No significant inhibitory effect of p-XSC was observed in UVR carcinogenesis, although vitamin E (presumably working as an antioxidant) produced a 20% decrease in UVR carcinogenesis (p ≤ 0.05). The lack of an Se effect on UVR carcinogenesis is consistent with the finding that the Se is acting very differently than vitamin E (i.e., blocking As rather than reducing oxidative damage directly).
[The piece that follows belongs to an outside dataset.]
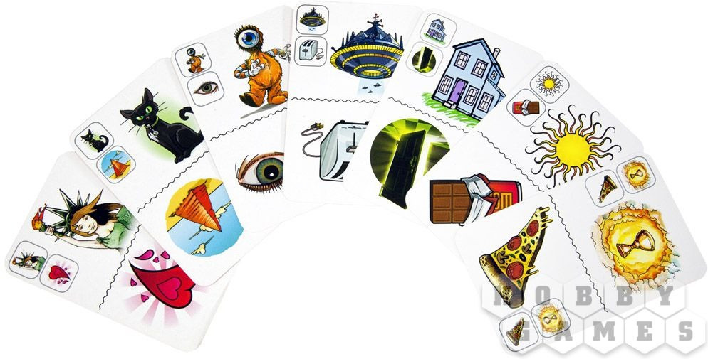 В начале партии каждому игроку раздаются по семь карт. Каждая карта содержит два рисунка. После этого игроки выкладывают карты из колоды для образования сброса. Вы можете выложить карту с руки на любую колоду сброса, если совпадает один из двух рисунков. Игроки не ходят по-очереди, а выкладывают карты, как только заметили, что могут выложить карту. Если игроки делают это одновременно, то игрок, который положил первым, оставляет, другой же игрок забирает карту обратно в руку. Кто победил? Всё очень просто и честно: тот, кто смог первым избавится от всех своих карт и не запутаться в этой заварушке, объявляется победителем! |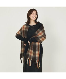abahouse mavie(アバハウス マヴィ)ウール混チェックストール【Design】大き目のチェックが目を引く大判の冬ストール。深いカラーの配色チェックで冬のスタイリングに最適なアイテムです。【Fabric】ウール混で暖かく、と...

It also follows from the present results that little, if any, As was sequestered by the endogenous Se, presumably because most of the latter is normally locked inside of antioxidative and other enzymes (Das et al. 2004).

Much work has been published indicating that organic Se can act as an antioxidant and can interfere with carcinogens other than As; this has been shown particularly in the initiation phase of carcinogenesis by hydrocarbons (Das et al. 2004). Results with organoselenium (p-XSC) and vitamin E indicate that both organic Se and vitamin E protect against As(III)-enhanced UVR carcinogenesis in mouse skin and against 8-oxo-7,8-dihydro-2′-deoxyguanosine levels in epidermal DNA of the same mice (Uddin et al. 2005). However, there is no reason that anti-oxidative and sequestering mechanisms could not be simultaneously operational.

Overall, the results support the idea that Se inhibits the cocarcinogenic activity of As in skin by preventing the peripheral distribution of As from drinking water. In the mouse skin As is not carcinogenic by itself, but even if it were, Se would likely be a potent preventive agent. Evidence that Se prevents As from getting to peripheral tissues suggests that Se would be anticarcinogenic even in tissues where As is carcinogenic by itself.

The highly potent cocarcinogenic activity of As with UVR in mouse skin As (roughly a 5- or 6-fold enhancement) raises a serious question whether human studies showing that As is a carcinogen by itself may have overlooked a low-level companion (Burns et al. 2004; Rossman et al. 2004). Precedence for As as a cocarcinogen in humans has been derived from studies showing synergistic action with tobacco use for lung cancer induction in occupationally exposed workers (Choiu et al. 1995; Hertz-Picciotto et al. 1992) and with radon in tin miners (Xuan et al. 1993).

Although the mechanism of formation of As–Se complexes is not fully understood, current evidence indicates that exogenous As depletes glutathione pools and elevates arsenation of protein sulfhydryl groups (Haugen et al. 2004). The levels of several selenoenzymes, particularly glutathione peroxidase, are lowered by As, and Se supplementation affects the same enzymes oppositely (Miyazaki et al. 2005). Arsenic binds initially to the sulfur of glutathione in selenoenzymes, after which a rearrangement can produce a stable complex containing two molecules of glutathione and one atom each of As and Se (Gailer et al. 2002b; Manley et al. 2006).

The present study points to the use of dietary Se as a potentially effective countermeasure against any and all types of exposures to As in drinking water that may result in unhealthy outcomes, because the As is effectively sequestered and excreted in the presence of sufficient levels of Se.